I do, isn't he still around?


----------



## Rocky (Mar 20, 2015)

I have a couple jars, shaped like Mr. Peanut ... I use them to collect loose change.  Can't even remember how old those are!


----------



## RadishRose (Mar 20, 2015)

SifuPhil said:


> The town I live in, Wilkes Barre (PA), is the home of Mr. Peanut. It was founded in 1906 by an Italian, Amedeo Obici.
> 
> Of course, this being Wilkes Barre, home of the idiots, they tore down the factory a few years ago even though a citizen's group tried to preserve it as a museum. Now it's an empty, weedy, bottle-strewn lot, like much of the rest of Wilkes Barre.



Didn't know it was Wilkes Barre, Phil. My parents were from Scranton.


----------



## Meanderer (Mar 20, 2015)




----------



## SifuPhil (Mar 21, 2015)

RadishRose said:


> Didn't know it was Wilkes Barre, Phil. My parents were from Scranton.



Ah, The Electric City! They do most things better than Wilkes Barre, including the recent St. Patrick's Day parade.


----------



## Shirley (Mar 21, 2015)

Did you ever pour them in your Coke?


----------



## Meanderer (Mar 21, 2015)

Shirley said:


> Did you ever pour them in your Coke?


I tried it once, but the peanuts got stuck in my nose.


----------



## Meanderer (Mar 23, 2015)




----------



## oakapple (Mar 26, 2015)

RadishRose said:


> Didn't know it was Wilkes Barre, Phil. My parents were from Scranton.


Is that Scranton New Jersey? The  Office!!


----------



## oakapple (Mar 26, 2015)

SifuPhil said:


> The town I live in, Wilkes Barre (PA), is the home of Mr. Peanut. It was founded in 1906 by an Italian, Amedeo Obici.
> 
> Of course, this being Wilkes Barre, home of the idiots, they tore down the factory a few years ago even though a citizen's group tried to preserve it as a museum. Now it's an empty, weedy, bottle-strewn lot, like much of the rest of Wilkes Barre.
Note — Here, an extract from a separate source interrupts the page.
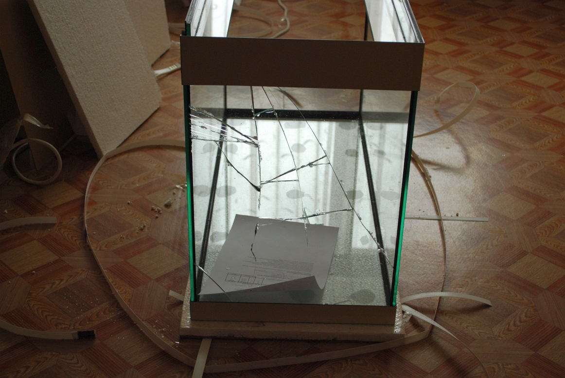 Вот собственно говоря, как выглядит полученный аквариум. Я также сделал фото пенопласта и листа ДВП, которые соприкасались с битой стороной. Они идеальны - ни вмятины ни царапины.

i thought that Americans loved history? Surely the factory could have been used to house something?


----------



## oakapple (Mar 26, 2015)

Meanderer, those are really ace cartoons!


----------



## oakapple (Mar 26, 2015)

We used to buy them at the greengrocer in their shells, we called them monkey nuts.


----------